Your instructions
Taking the data below, please print only the lines from the line holding "by 황찬 시민기자 2020년" to the line holding "зачистки сварных швов.", inclusive, with pictures omitted.

Source data

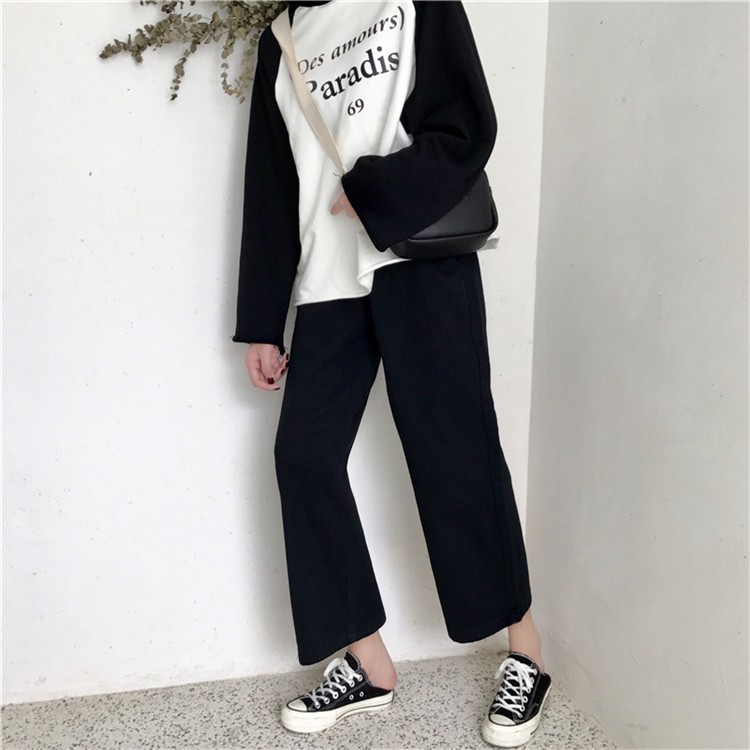 | กางเกงยีนส์ทรงตรงสไตล์เกาหลีสำหรับผู้หญิง |
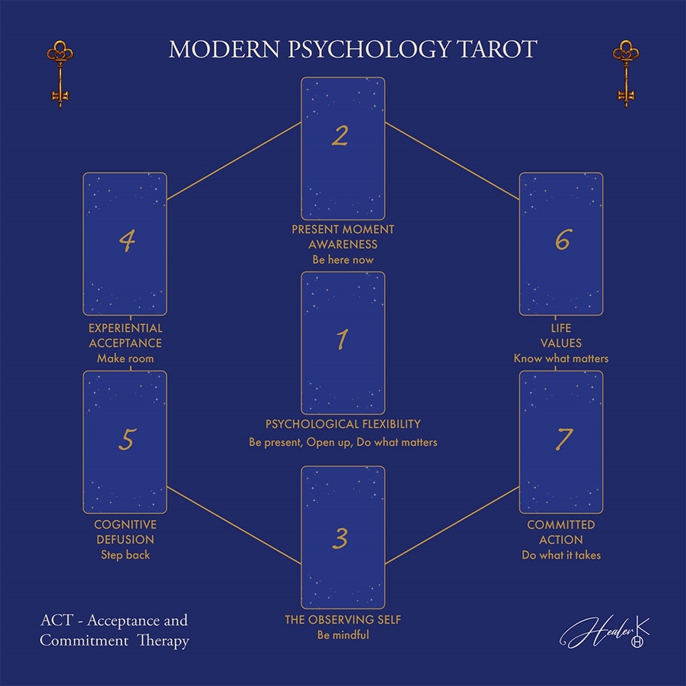 The print on the table cloth includes 7 card positions, ACT, Acceptance and Commitment Therapy, hexaflex keywords (experiential acceptance/make room, cognitive defusion/step back, present moment awareness/be here now, the observing self/be mindful, life values/know what matters, committed action/do what it takes, psychological flexibility/be present-open up-do what matters).
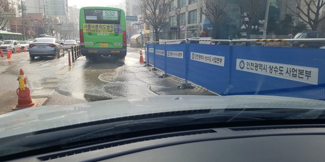 by 황찬 시민기자 2020년 2월 20일 오후에 간석오거리 일대 상수도관이 오래되어 터졌다. 간석3동 복지행정센터 지하에서 급수하고, 자정에 통수된다고 한다.
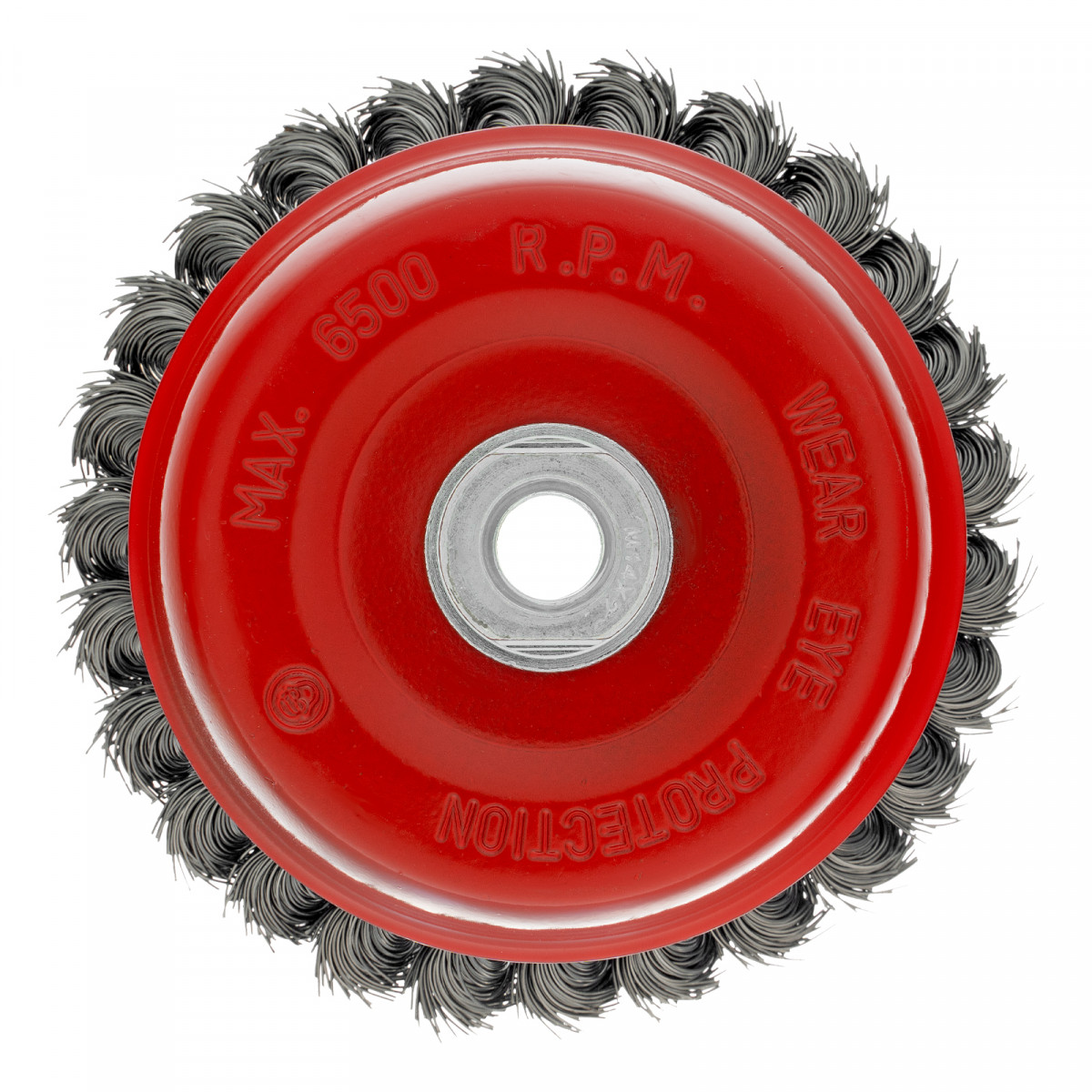 Щетка Matrix «Чашка» 74627 диаметром 125 мм, с присоединительной резьбой М14, с щетиной из крученой проволоки диаметром 0,5 мм, устанавливается на УШМ, поддерживающую работу со скоростью 6500 об/мин. Изделие предназначено для грубой (черновой) обработки поверхностей и подходит для удаления загрязнений, снятия толстого слоя ржавчины, ЛКМ, зачистки сварных швов.
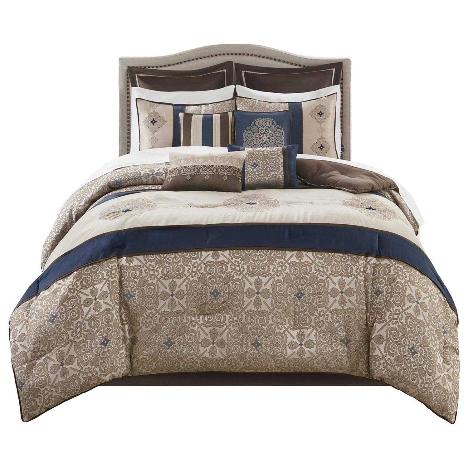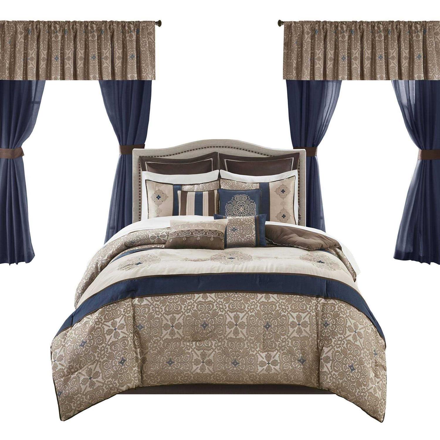 Open-Box — The Madison Park Essentials Delaney 24 Piece Room in a Bag offers a refined traditional update to your bedroom decor. The jacquard details flaunted on the pieced faux silk comforter, shams, and window valances deliver an elegant statement, in rich navy and natural hues. Large medallion embroidery is displayed off-center on the luxurious comforter, adding charm and dimension to the bedding set, while matching shams echo the motif seen on top of the bed to create an elegant look in your space. An included microfiber sheet set and bed skirt complements the bedding collection and offers exceptional comfort and style. Two Euro shams and four decorative pillows help to complete the bedding set, giving it a finished look. Accompanying this bedroom set are four window panels with four tie backs to keep curtains drawn open, while two jacquard valances provide the finishing touches to your bedroom.
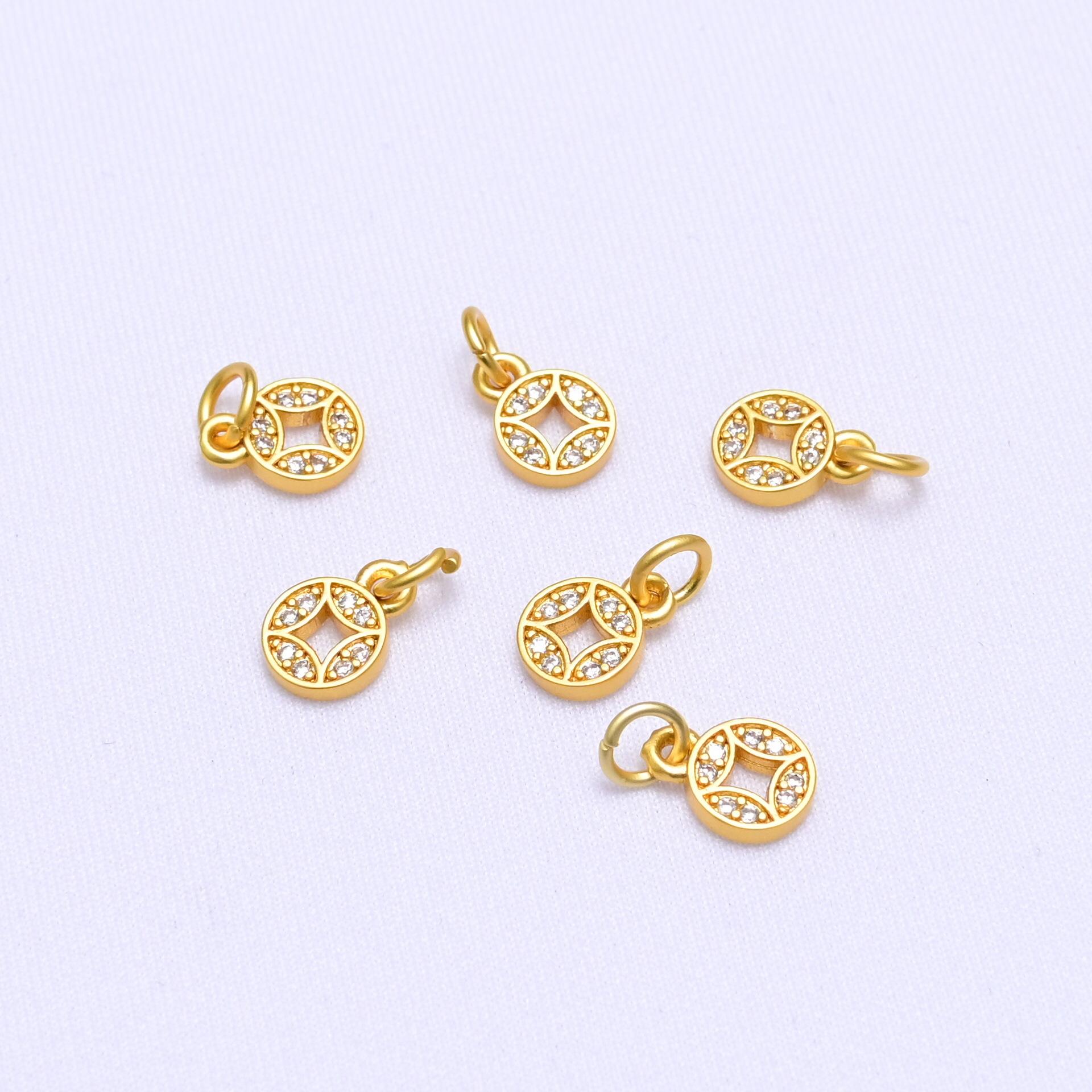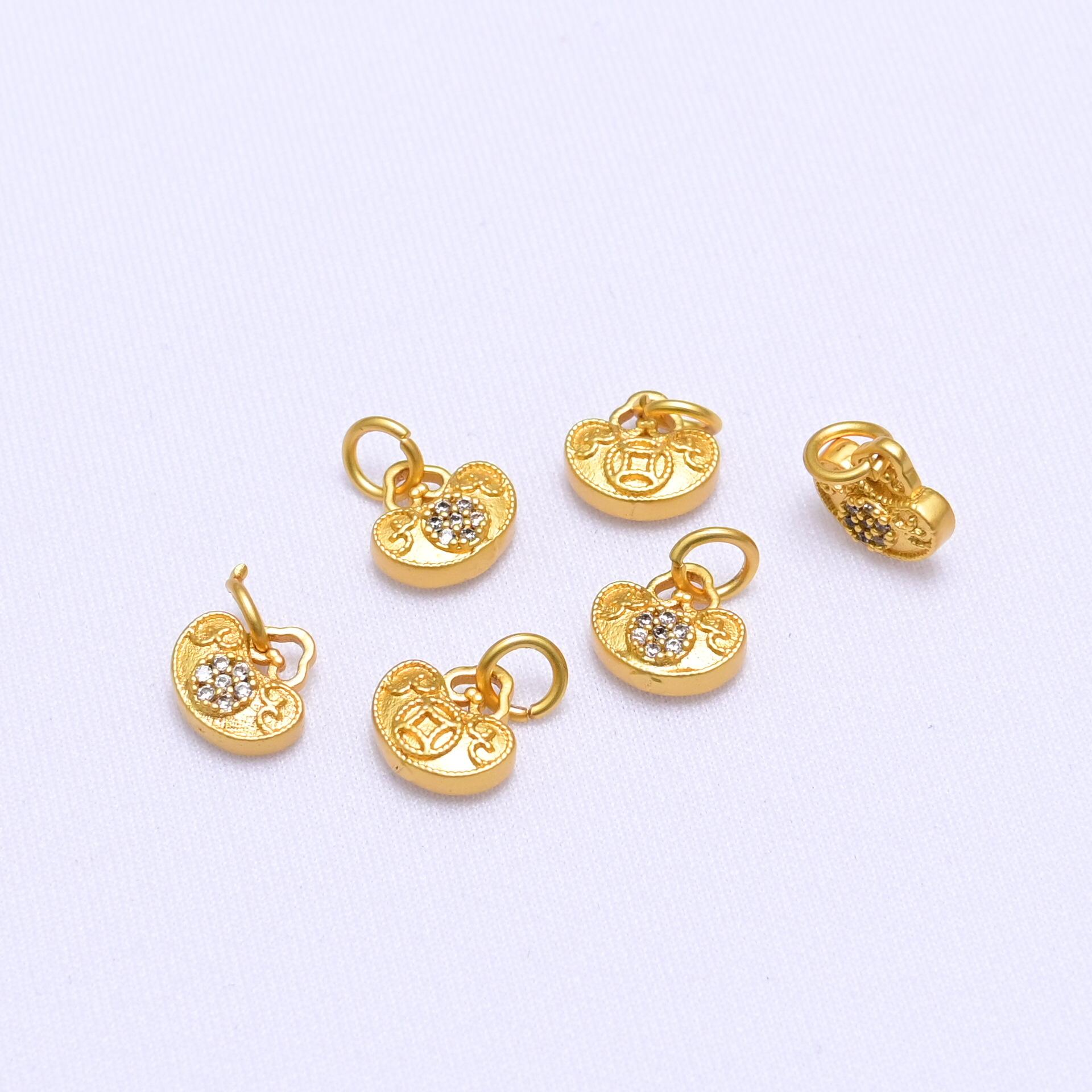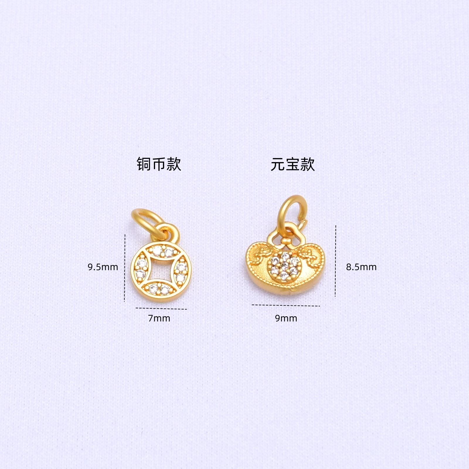 ~ Pulsera colgante de oro antiguo que conserva el color, incrustada con circonita, lingote de plata, dinero, moneda de cobre, accesorios colgantes para pulsera, accesorios con cuentas DIY ~

Output of the task
 by 황찬 시민기자 2020년 2월 20일 오후에 간석오거리 일대 상수도관이 오래되어 터졌다. 간석3동 복지행정센터 지하에서 급수하고, 자정에 통수된다고 한다.
 Щетка Matrix «Чашка» 74627 диаметром 125 мм, с присоединительной резьбой М14, с щетиной из крученой проволоки диаметром 0,5 мм, устанавливается на УШМ, поддерживающую работу со скоростью 6500 об/мин. Изделие предназначено для грубой (черновой) обработки поверхностей и подходит для удаления загрязнений, снятия толстого слоя ржавчины, ЛКМ, зачистки сварных швов.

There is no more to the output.